FIG. 2 is a sectional view taken along line XX in FIG.

FIG. 3 is a sectional view taken along line ZZ in FIG. 2;

FIG. 4 is a front sectional view of a substrate heat treatment apparatus according to a second embodiment of the present invention.

5A is a partial plan cross-sectional view of a substrate heat treatment apparatus using another example of a current plate, and FIG. 5B is a plan view of the current plate.

FIG. 6 is a front sectional view of a conventional substrate heat treatment apparatus.

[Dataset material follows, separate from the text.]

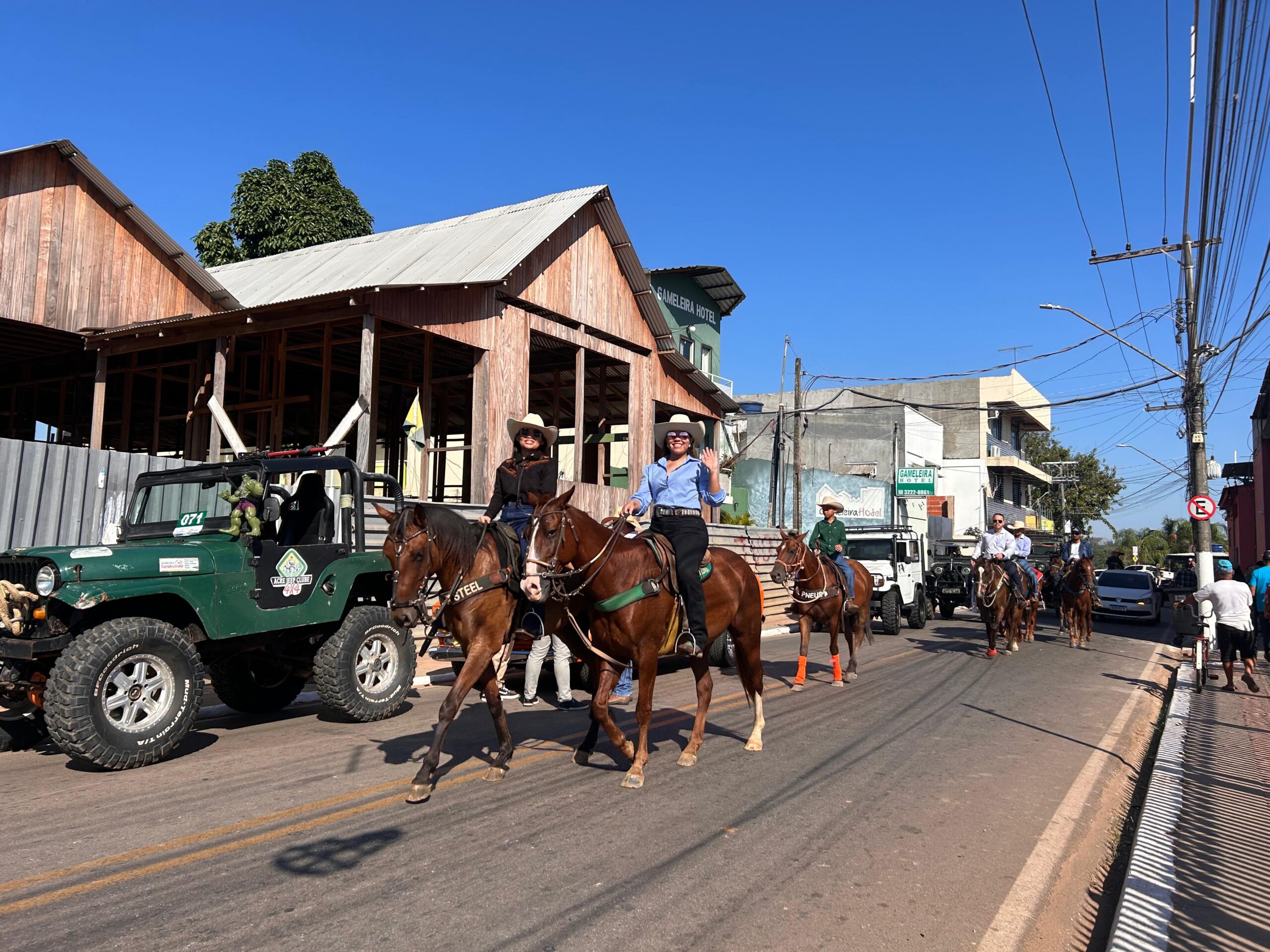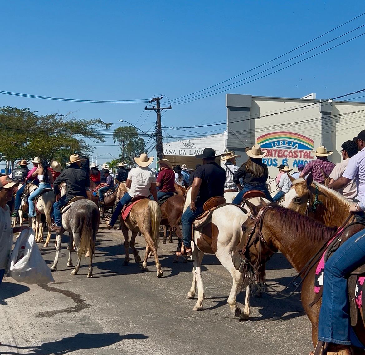 A concentração começou às 7h, e a saída oficial ocorre às 8h, com encerramento previsto para as 13h. O percurso passa por pontos tradicionais como o cartório, Sabenauto, Arasuper e Corrente, até a chegada no parque de exposições. A organização dividiu os locais de partida conforme os tipos de participantes: os cavalos saíram pela Rua da Tentamen, quadriciclos pela Escola Maria Angélica, enquanto os trios elétricos e carros de som se organizaram em outro ponto estratégico, pensando na segurança do público no trajeto.
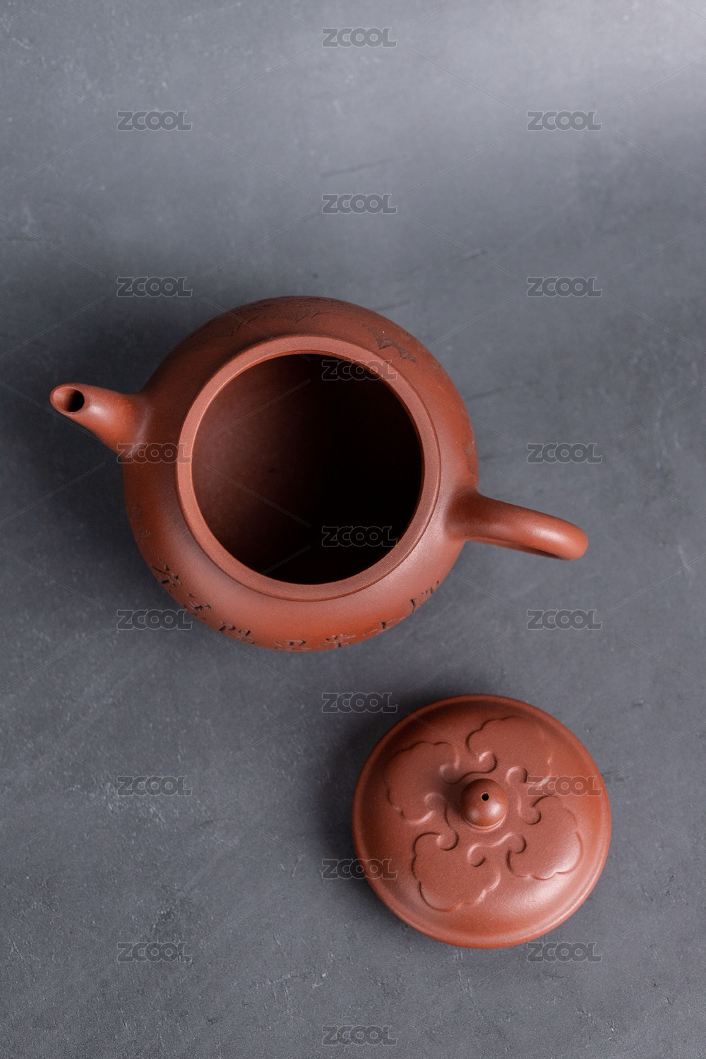 紫砂壶底部特写,在黑色底

FIG. 7 is a front sectional view of another conventional substrate heat treatment apparatus.

[Explanation of symbols]

 DESCRIPTION OF SYMBOLS 1 Plate 2 Upper cover 3 Heat treatment space 4 Gas supply port 5 Exhaust port 6a, 6b Partition wall 7 Supply / exhaust part 8a Supply path 8b Exhaust path 9, 12 Rectifier plate 10a Supply hole 10b Exhaust hole 11 Perforated plate 15 Gas supply path 16 Gas Introductory route 17 Outgoing route

Claims (4)

[Claims] 1. A substrate heat treatment apparatus, wherein an upper portion of a base is covered with an upper cover, and a predetermined heat treatment is performed by holding a substrate in a heat treatment space formed between the base and the upper cover. On the lower surface of the upper cover above the substrate, a plurality of gas blowing holes for supplying gas into the heat treatment space, and a plurality of exhaust holes for discharging gas inside the heat treatment space are mixed. A substrate heat treatment apparatus characterized by being formed by: 2. The substrate heat treatment according to claim 1, wherein a gas supply passage connected to the plurality of gas blowing holes and an exhaust passage connected to the plurality of exhaust holes are provided inside the upper cover. apparatus. 3. The gas supply passage has an inlet through which the gas is introduced, and a plurality of branch passages that branch off from the inlet side and extend near the inside of the inlet. 3. The substrate heat treatment apparatus according to claim 2, wherein a rectifying plate for dispersing and guiding gas is disposed in each of the branch paths. 4. The gas supply passage has an inlet through which the gas is introduced, and a plurality of branch passages branching from the inlet side and extending, and the exhaust passage includes a plurality of the gas supply passages. A plurality of branch passages respectively interposed between the branch passages, the plurality of gas blowing holes are arranged along each branch passage of the gas supply passage, and the plurality of exhaust holes are each of the exhaust passages. The substrate heat treatment apparatus according to claim 2, wherein the substrate heat treatment apparatus is arranged along a branch path.